Respecting Transfer Gap in Knowledge Distillation

October 23, 2022 · Declared Dead · 🏛 Neural Information Processing Systems

"No code URL or promise found in abstract"

Evidence collected by the PWNC Scanner

Authors Yulei Niu, Long Chen, Chang Zhou, Hanwang Zhang arXiv ID 2210.12787 Category cs.CV: Computer Vision Cross-listed cs.AI, cs.LG Citations 29 Venue Neural Information Processing Systems Last Checked 3 months ago

Abstract

Knowledge distillation (KD) is essentially a process of transferring a teacher model's behavior, e.g., network response, to a student model. The network response serves as additional supervision to formulate the machine domain, which uses the data collected from the human domain as a transfer set.
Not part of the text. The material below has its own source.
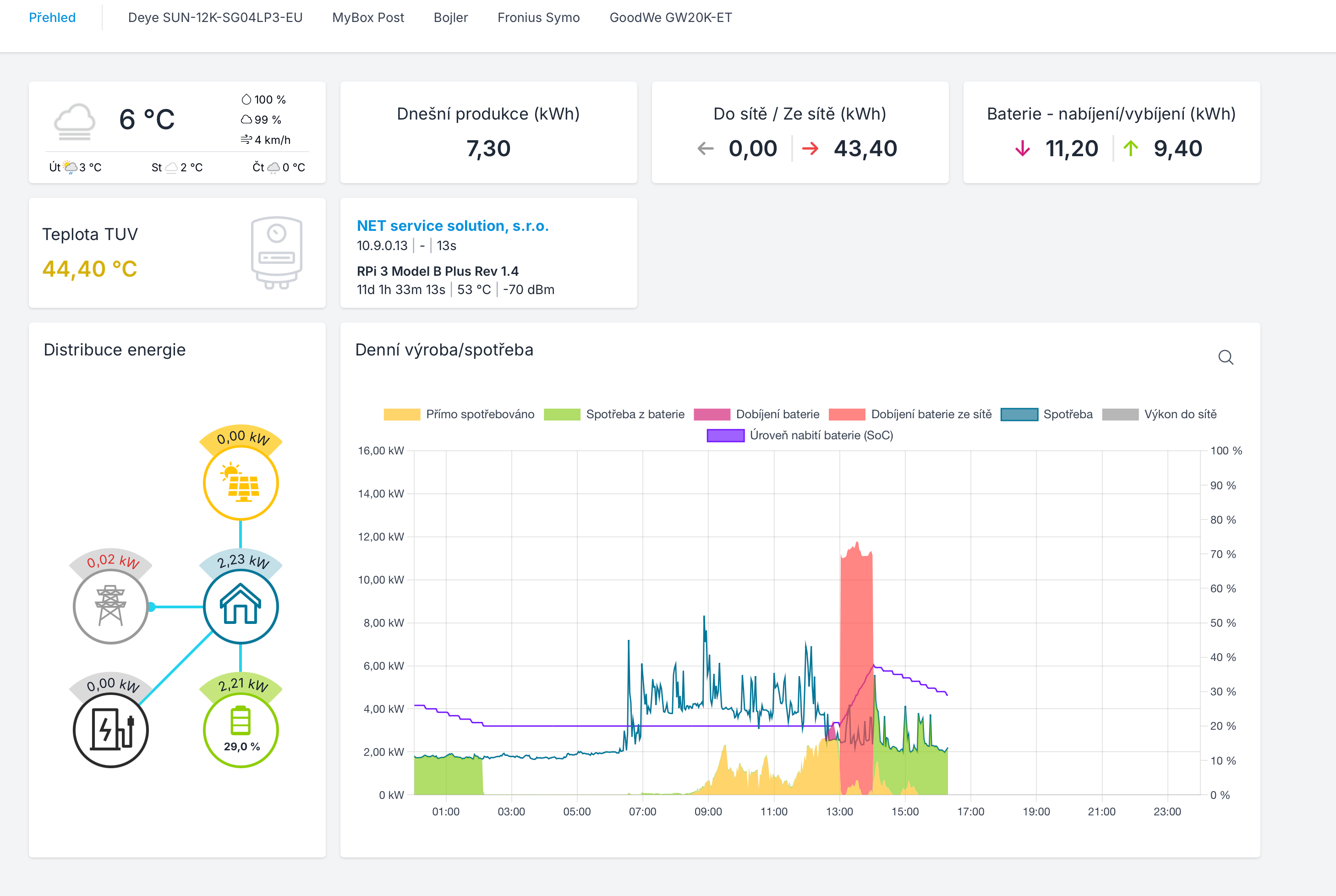 - Celkového přehledu o provozu FVE.
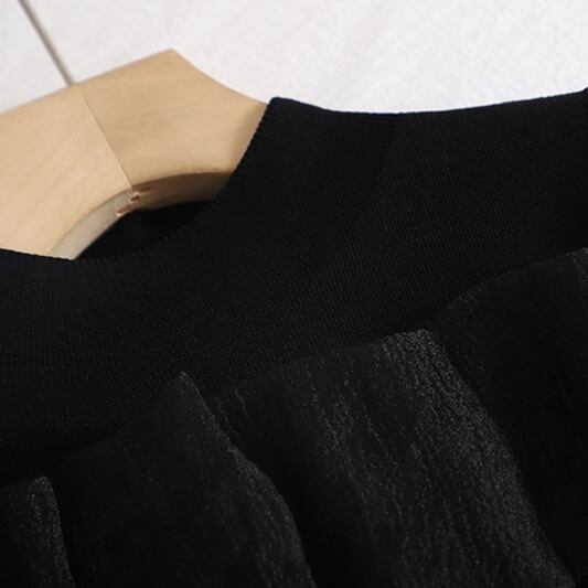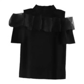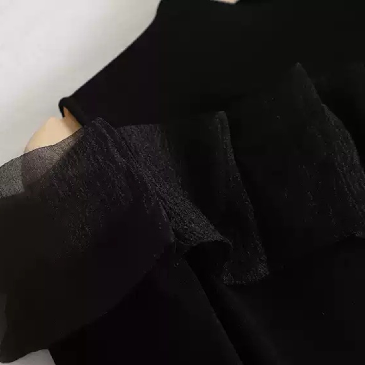 首元のハイネックと、肩から流れるようなオーガンジーのフリルが、女性らしい上品さを演出するトップス。

Traditional KD methods hold an underlying assumption that the data collected in both human domain and machine domain are both independent and identically distributed (IID). We point out that this naive assumption is unrealistic and there is indeed a transfer gap between the two domains. Although the gap offers the student model external knowledge from the machine domain, the imbalanced teacher knowledge would make us incorrectly estimate how much to transfer from teacher to student per sample on the non-IID transfer set. To tackle this challenge, we propose Inverse Probability Weighting Distillation (IPWD) that estimates the propensity score of a training sample belonging to the machine domain, and assigns its inverse amount to compensate for under-represented samples. Experiments on CIFAR-100 and ImageNet demonstrate the effectiveness of IPWD for both two-stage distillation and one-stage self-distillation.